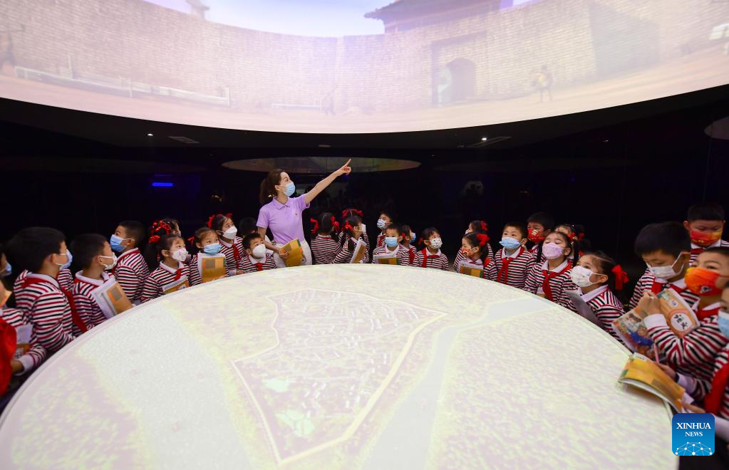 (220517) -- GANZHOU, May 17, 2022 (Xinhua) -- Students visit a museum in Ganzhou, east China's Jiangxi Province, May 17, 2022. The International Museum Day, which falls on May 18, is being celebrated with a variety of online and offline activities across China. (Photo by Hu Jiangtao/Xinhua)
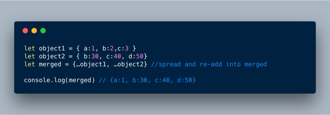 下面的例子中,我们新对象中使用扩展运算符来扩展对象。第 2 个对象中的键值对会覆盖第 1 个对象中的键值对 [译者注:如果键名相同的话]。
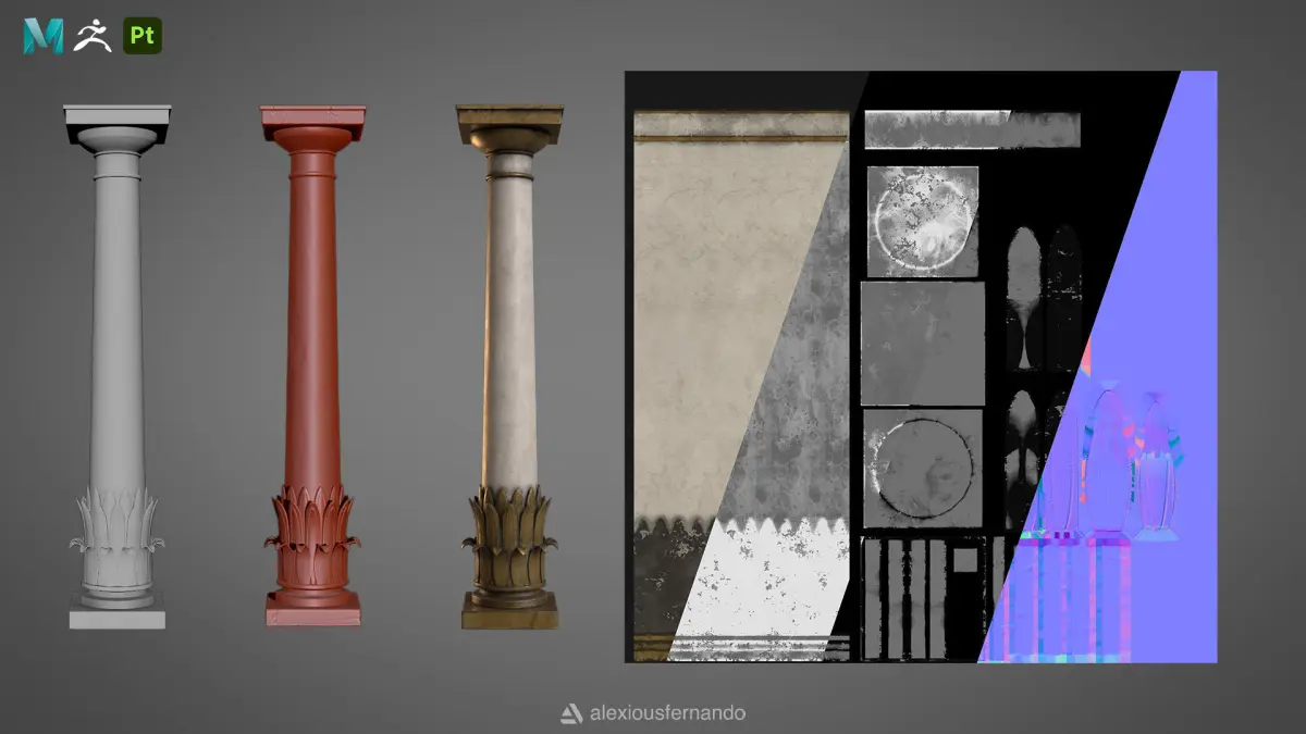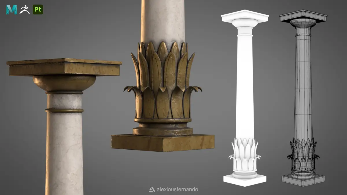 Ancient Pillar: Base modeled in Autodesk Maya, sculpted in ZBrush, textured in Substance Painter.
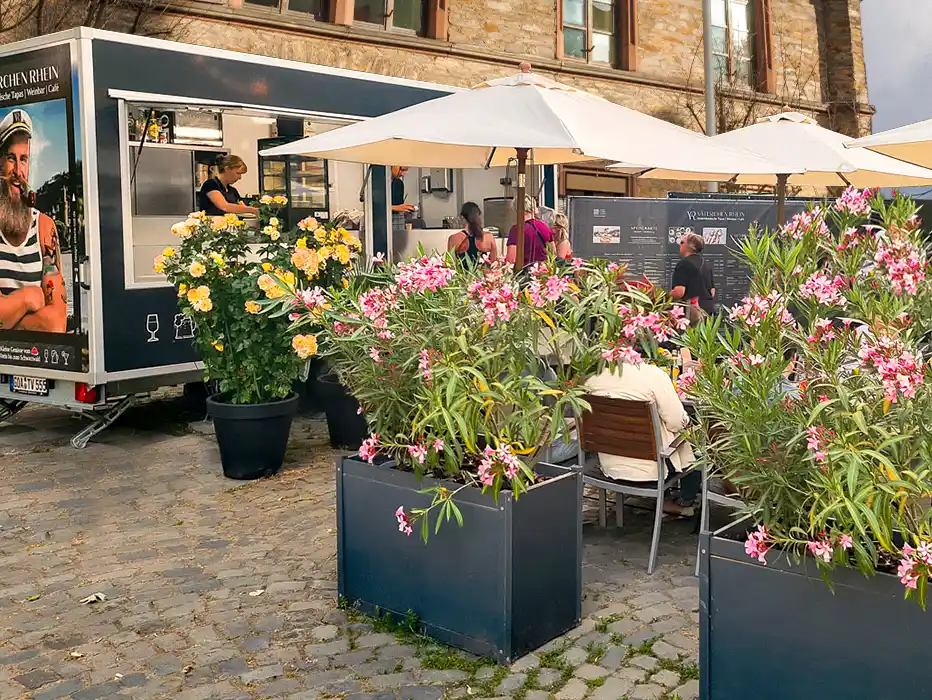 Väterchen Rhein on Tour mit VR goes Pop-Up – Mobile Genussmomente für Dein Fest. Ab sofort bringen wir unsere Spezialitäten direkt zu Euch! Mit unseren flexiblen Food-Ständen (10 qm & 15 qm) versorgen wir Euch mit leckeren Tapas, kleinen Speisen und Euren Lieblingsgetränken. Ob Firmenfeier, Hochzeit oder Straßenfest – wir sind am Start! Jetzt unverbindlich anfragen!
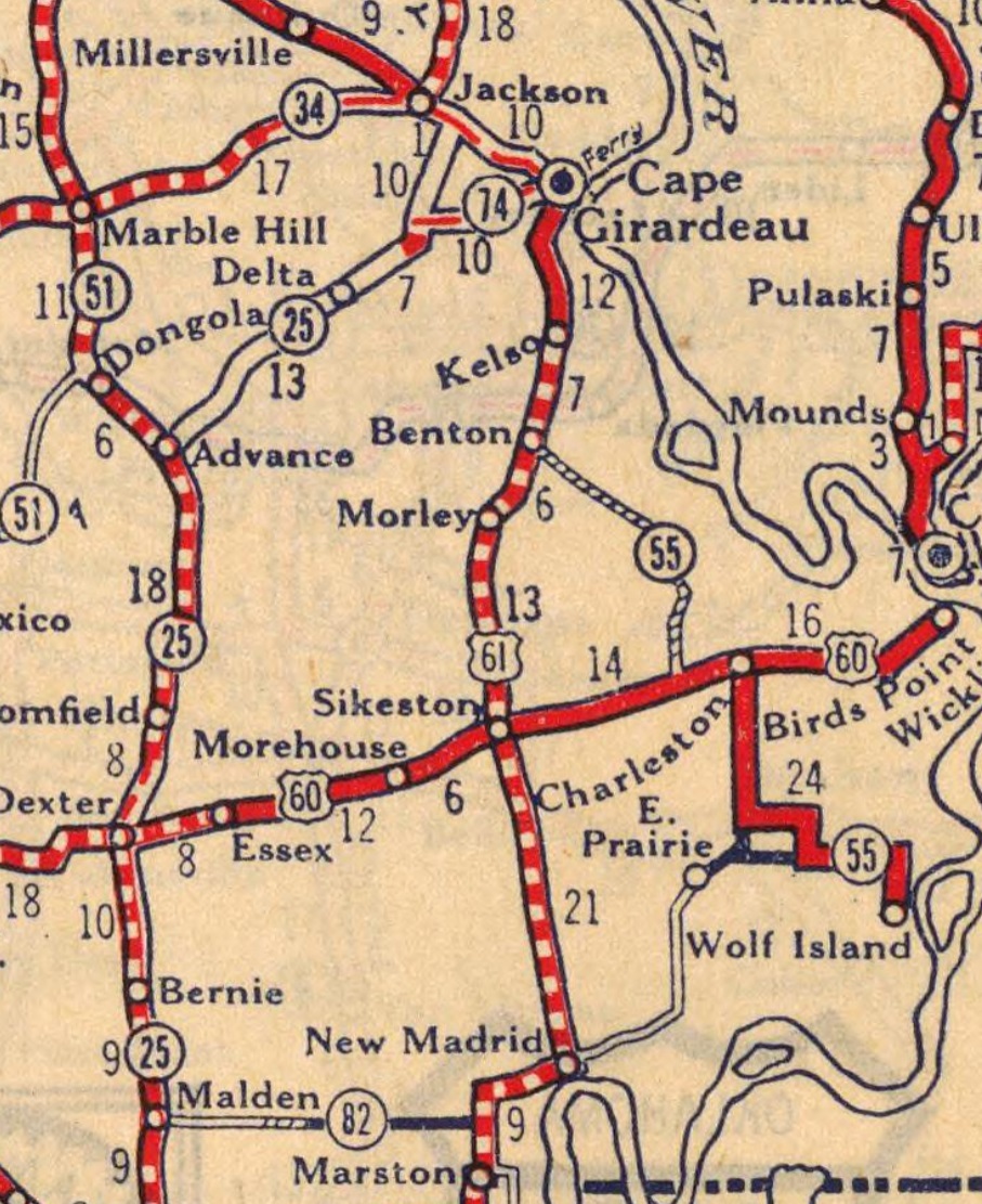 This American auto trail follows the former route of the Mississippi River Scenic Highway, from Sikeston to Scott City, Missouri.
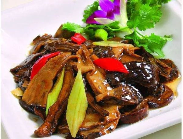 硫宽院感引切 ②炒锅上火,锅中加入鸡油、下蒜片炒香后把牛肝菌、芥蓝一起放入
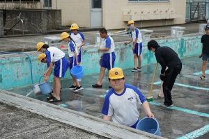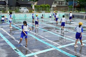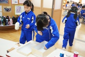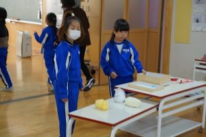 4年生の体育科では、1段だけの跳び箱の上で台上前転をしていました。ほんの少し高くなっただけで難しくなりますね。5年生が学習発表会で見せてくれたような高い跳び箱で台上前転ができるように頑張りましょう。
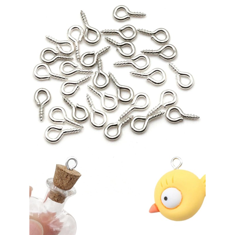 LYHMHAMY Screw Heaton 0.2 x 0.5 inches (6 x 13 mm), Silver, 100 Pieces, Handmade UV Resin Set, Key Chain, Metal Fittings, String Fasteners
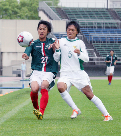 上:上段写真/前半17分右サイドで大体大DF馬場(5番)と激しくマッチアップする岩教大MF阿部。阿部はこの2分後、先制点を決めるなど勝利に貢献した
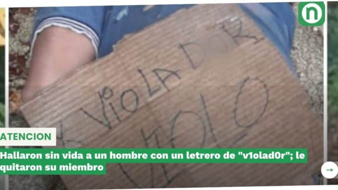 Hallaron sin vida a un hombre con un letrero de “v1olad0r”; le quitaron su miembro
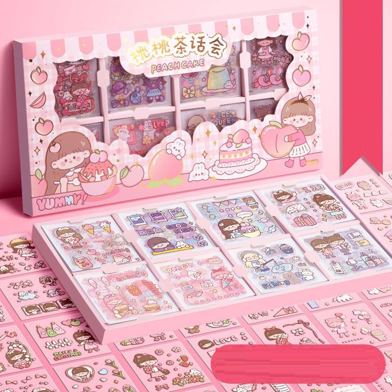 🌸 Kawaii Washi Sticker Box Set (200 PCS) – Peach Cake, Starry Galaxy & Cute Daily Life Themes
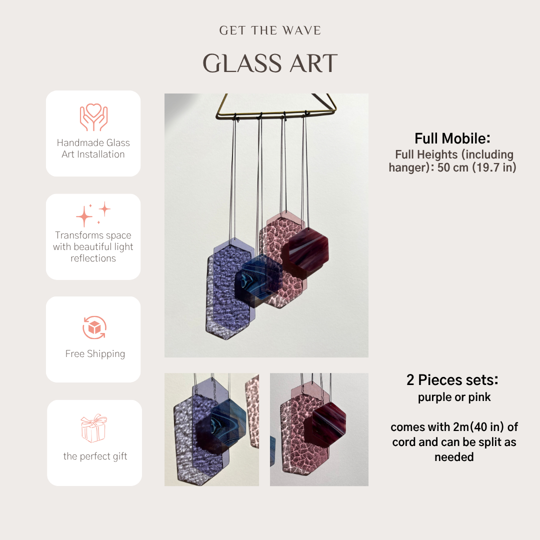 Verwandle dein Zuhause mit diesem bezaubernden Windspiel aus geometrischen Glasformen in lila und pink Tönen und erlebe ein einzigartiges Lichtspiel, das dein Fenster, deinen Balkon oder deinen Garten verschönert!
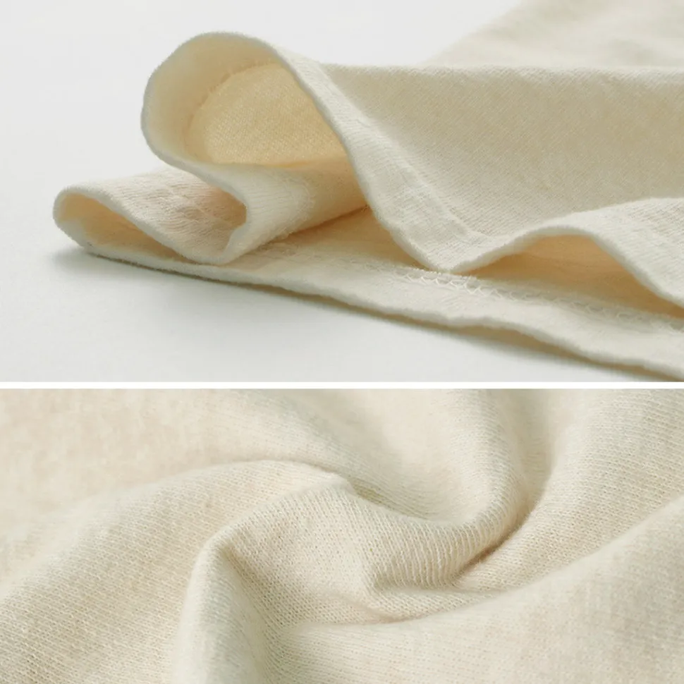 Utilizes 100% American cotton yarn (18 single yarn). The fabric is a jersey material that is comfortable and durable, with good stretch and a thickness that naturally conforms to the skin.

────────────────────

▸ TRY IT
Take the line with "Daily Life Themes" and each line after it through the end of the material above, and reproduce them exactly, without the pictures.

▸ EXPECTED OUTPUT
 🌸 Kawaii Washi Sticker Box Set (200 PCS) – Peach Cake, Starry Galaxy & Cute Daily Life Themes
 Verwandle dein Zuhause mit diesem bezaubernden Windspiel aus geometrischen Glasformen in lila und pink Tönen und erlebe ein einzigartiges Lichtspiel, das dein Fenster, deinen Balkon oder deinen Garten verschönert!
 Utilizes 100% American cotton yarn (18 single yarn). The fabric is a jersey material that is comfortable and durable, with good stretch and a thickness that naturally conforms to the skin.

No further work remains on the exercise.